Step five grab a gun

Step six say "I love america"

Step seven ... wait, there is no step seven since you'd be dead.

Actually, here is the best way:

Sell your company to someone bigger, disappear, change your name, restart.

Works for most idiots.


----------



## lv-matt (Aug 17, 2013)

kunnu said:


> If your company image is bad because of you did some mistake in past then how can you rebuild your company image quickly?
> 
> Everyone make mistake but once you make a mistake then you can't fix it so quickly but I need your sugestion.


From what I remember you made more than a mistake, rather a series of mistakes.

For confirmation, the mistakes you are talking about are the ones here:

http://shamelesshosts.com/scams/a-lesson-for-dewlance-com-false-dmca-notices-dont-work-here/

http://shamelesshosts.com/scams/dewlance-scamming-is-cool-right/

I won't link to the ones on WHT, since they are discussed there pretty much.


----------



## Jade (Aug 17, 2013)

RiotSecurity said:


> Lmfao. Asking from experience?
> 
> Okay, here is my honest advice...
> 
> ...


+1 aha


----------



## jhadley (Aug 17, 2013)

1) Rebuild your attitude

2) Remember that the hosting market is larger than a few forums


----------



## MannDude (Aug 17, 2013)

I think things were covered pretty well above. Just be willing to listen to suggestions when asking for them.
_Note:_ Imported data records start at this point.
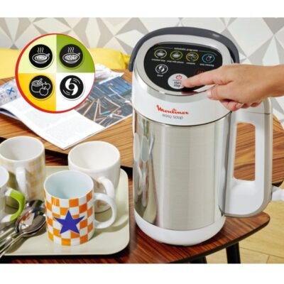 Découvrez le Moulinex EasySoup LM841B10, l’appareil idéal pour préparer facilement des soupes maison, veloutés, compotes, smoothies et bien plus encore. Grâce à sa fonction chauffante et à ses programmes automatiques, il garantit des résultats rapides, savoureux et parfaitement maîtrisés au quotidien.
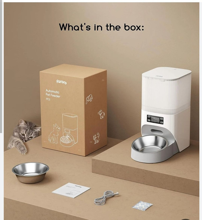 غذادهنده اتوماتیک Faroro امکان تنظیم ۱ تا ۶ وعده غذایی در روز را دارد. مقدار هر وعده بین ۱ تا ۲۰ پیمانه (هر پیمانه حدود ۶.۵ گرم) قابل تنظیم است تا بتوانید برنامه غذایی سالمی برای حیوان خود تنظیم کنید.
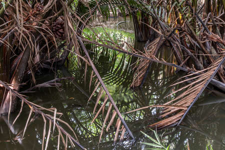 Canal flowing through rows of dwarf coconut trees with coconuts hanging low, tropical farm in Thailand
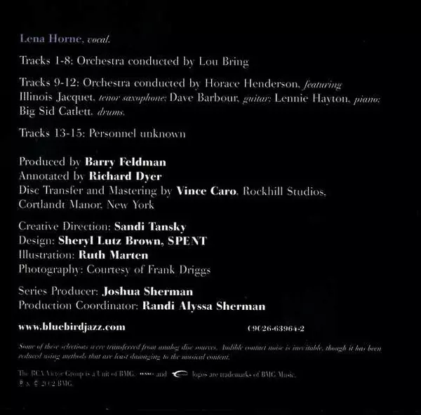 Lena Horne: The Young Star versión en CD en remasterizado edición. Esta edición en concreto se lanzó en Europa en la editorial BMG en colaboración con Bluebird (3) y RCA Victor Group el día 25. enero 2011. Álbum abarca todos los géneros Jazz y Vocal.
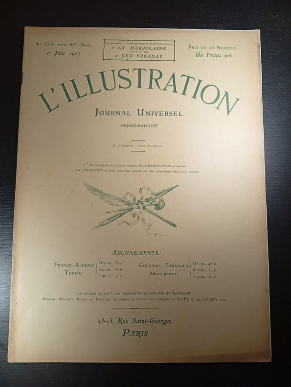L'illustration revue du 1er juin 1907, in-4 broché, p353p364 sans ses annonces publicitaires et avec son hors texte sur l'exposition portraits de femmes à Bagatelle - très bon état
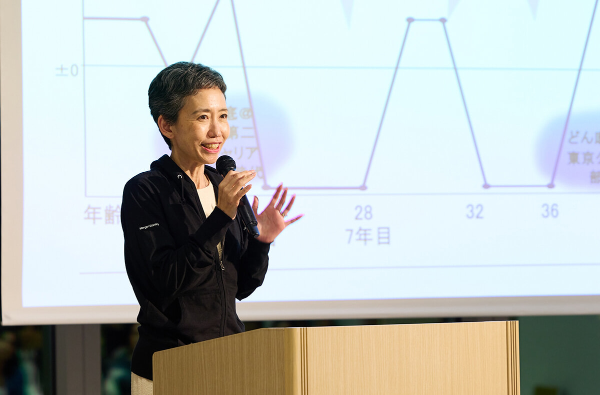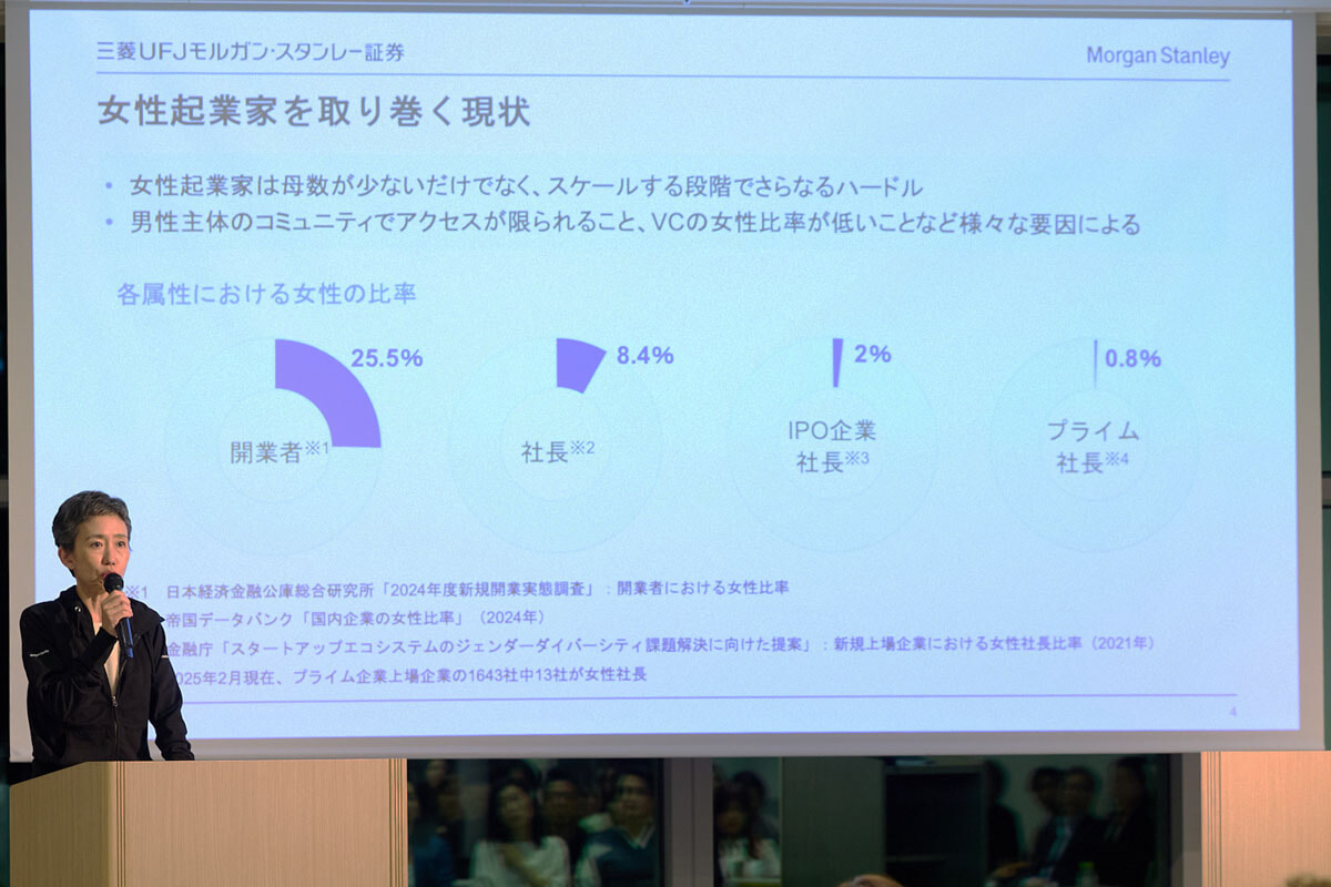 BWAピッチコンテストの特別セッションに登壇した三菱UFJ モルガン・スタンレー証券チーフ・サステナビリティ・オフィサーの南里彩子。

Opinions / thoughts people have about other people and things can/do indeed change overtime. There are companies that in the past I would have avoided or not spoken highly of, that today I would probably do business with or give a chance.


----------



## texteditor (Aug 17, 2013)

Change industries completely


----------



## texteditor (Aug 17, 2013)

lv-matt said:


> From what I remember you made more than a mistake, rather a series of mistakes.
> 
> For confirmation, the mistakes you are talking about are the ones here:
> 
> ...



also include all his posts on _<insert forum here>_ among those reputation-damaging mistakes


----------



## HostUS-Alexander (Aug 17, 2013)

cd /var/www/html/img/

rm -y logo.png

vi logo.png


----------



## concerto49 (Aug 17, 2013)

Maybe consider removing the trademark for autoboot so others can you use it?


----------



## Damian (Aug 17, 2013)

Anyone else wonder why kuunu starts threads, or posts questions in other threads, then never returns to respond? Yeah me too.


----------



## Aldryic C'boas (Aug 17, 2013)

Damian said:


> Anyone else wonder why kuunu starts threads, or posts questions in other threads, then never returns to respond? Yeah me too.


Fluffing his post count to be able to start making ads.


----------



## MannDude (Aug 17, 2013)

Aldryic C said:


> Fluffing his post count to be able to start making ads.


He could have posted an offer thread 2 posts ago, hasn't yet. Either he hasn't realized that yet or he's genuinely asking for help. Either way, I give everyone the benefit of doubt and be kind


----------



## 365Networks (Aug 17, 2013)

Honesty is always the best policy.


----------



## Tactical (Aug 17, 2013)

1.) Never ever should of started in that manner in the first place! SCREWING PPL OVER!


----------



## ihatetonyy (Aug 17, 2013)

1) Public apology

2) Have someone else be your public face

See: ChicagoVPS


----------



## Punjabi (Aug 17, 2013)

Fiverr! opcorn:


----------



## Magiobiwan (Aug 18, 2013)

He already tried Fiverr.

See: http://youtube.com/watch?v=HCwOggqwwzc and http://www.youtube.com/user/DewlanceReviews


----------



## Punjabi (Aug 18, 2013)

Magiobiwan said:


> He already tried Fiverr.
> 
> See: http://youtube.com/watch?v=HCwOggqwwzc and http://www.youtube.com/user/DewlanceReviews


Exactly the reason I suggested it.  I was just pulling his leg. opcorn:


----------



## HostUS-Alexander (Aug 18, 2013)

> http://www.youtube.com/watch?v=7dKPg0cxi8s


----------



## WebSearchingPro (Aug 18, 2013)

HostUS-Alexander said:


> > http://www.youtube.com/watch?v=7dKPg0cxi8s


Saw this one, when you DMCA everyone who gives a bad review of you (shamelesshosts too).. That does not leave a very nice impression of the company. To be honest, I believe your one of the only companies I've seen that threatens legal action for a bad review..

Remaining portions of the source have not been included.